Daha yeşil, dijital, sosyal bir Avrupa’ya doğru



Tüm dünya için ‘yeni normal’ ve Avrupa için yeni bir dönemin ilk anlarını yaşıyoruz.

Ukrayna’daki savaş – Avrupa’daki bir savaş – bildiğimiz şekliyle küreselleşmenin sonunu işaret etti ve öngörülemeyen sonuçları olan bir istikrarsızlık döneminin başlangıcına işaret etti.

Ülkeler ve vatandaşlar için tekrarlanan krizler ve benzeri görülmemiş zorluklarla zaten kırılgan bir ortamda, Avrupa’nın ekonomik refahını, enerji özerkliğini ve halkının refahını sağlayacak esnek politikalara yatırım yapması isteniyor.

Avrupa Komisyonu’nun daha yeşil ve daha dijital politikalara yönelik iddialı planları, güvenliği, finansal istikrarı ve yüksek yaşam standartlarını garanti edebilecek sürdürülebilir bir Avrupa’nın yaratılması için bir katalizör olma potansiyeline sahiptir.

Yine de başarıları, bu politikaların toplumsal olarak adil olup olmayacağına bağlıdır. Çünkü bu tür derin reformlar ancak toplumumuzun tüm üyeleri ve grupları arasında geniş bir fikir birliğine dayandığı takdirde başarılı olabilir: tüm topluluk tarafından desteklenmesi gerekir.
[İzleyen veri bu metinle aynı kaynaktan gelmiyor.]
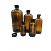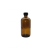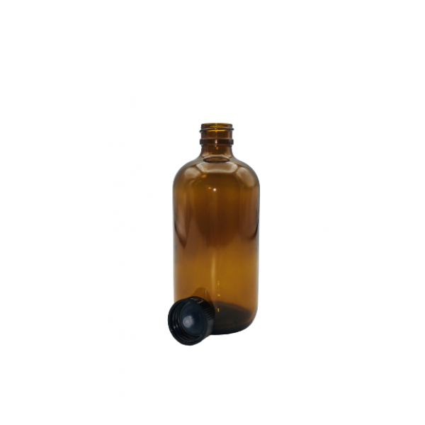 8oz Amber Boston Round Assembled w/24-400 Black Phenolic Poly Cone Lined Cap (108/cs)

Farklı açılış konuşmaları, video mesajları, interaktif çalıştaylar ve müteakip genel kurul tartışmaları aracılığıyla bu yılki Yaz günleri medya ortağı olarak EUobserver ile, neyin tehlikede olduğunu anlamak ve geçiş süreçlerinin merkezinde toplumsal gündemi tutmanın önemini değerlendirmek için düşüncelerimizi ve fikirlerimizi düzenlememize yardımcı oldu.

Tartışmalar netleşti:

• Sosyal adalet, çok seviyeli, çok sektörlü, çok uluslu işbirliği, katılım ve sahiplenme anlamına gelir. Çevre politikalarını ve dijitalleşmeyi sürdürülebilirlik için gerçek bir etkinleştiriciye dönüştürmek, ülkeler, pazarlar ve sektörler arasında işbirliğini gerektirir.

• Sosyal adalet, yeşil/dijital geçişlerin işçi merkezli olması gerektiği anlamına gelir. Sosyal ilişkiler, işgücü piyasaları ve istihdam için geçişlerin sonuçları çok büyük olacak ve ekonomilerimizin neredeyse tüm sektörlerine yayılacak. Bunun için, tüm geçiş süreci boyunca sosyal diyaloğu ve toplulukların katılımını sağlamak için güçlü mekanizmalara ihtiyacımız var.

Yeni Nesil ABve özellikle İyileştirme ve Dayanıklılık Tesisi ulusal toparlanma ve dayanıklılık planları güçlü bir katma değer yaratabilir ve geçişler sırasında sosyal politikaları destekleyebilir. Bunu sağlamak için planların uygulanmasını ve reformların güvenilirliğini ve sürdürülebilirliğini dikkatle değerlendirmeliyiz.

• Sürdürülebilirlik, uygun beceriler ve kamu hizmetlerinin yerine getirilmesini gerektirir. Eğitim sistemlerimiz, mevcut eğilimlerin gereksinimlerini karşılayacak ve öğrencileri ve çalışanları zamanımızın zorluklarına hazırlayacak şekilde uyarlanmalı ve vatandaşların temel haklarını, refahını ve uyumunu garanti edebilmek için kamu hizmetlerinin mali olarak desteklenmesi gerekir. toplumlarımızdan. Yeşil geçiş sırasında vatandaşları ve işçileri koruyabilmek için, Avrupa Sosyal Haklar Sütunu ve Porto Deklarasyonu’nu temel alan AB Yeşil Anlaşması’nda güçlü bir sosyal boyuta ihtiyacımız var.

İddialı planlar tasarlamadan ve uygulamadan önce, bunların toplum, vatandaşlar ve işçiler için olası yararlarını ve risklerini her zaman haritalandırmalıyız.

Bunu sağlamak için işçilere ve temsilcilerine merkezi bir ses verilmelidir. Yeşil-dijital dönüşüm adil bir geçiş olmalıdır. İşçilerle birlikte yapılmalı, onlara değil. Aksi takdirde sürdürülebilir olmayacaktır.

Daha fazla bilgi ve ayrıntı için bkz. CESI’nin son pozisyonu.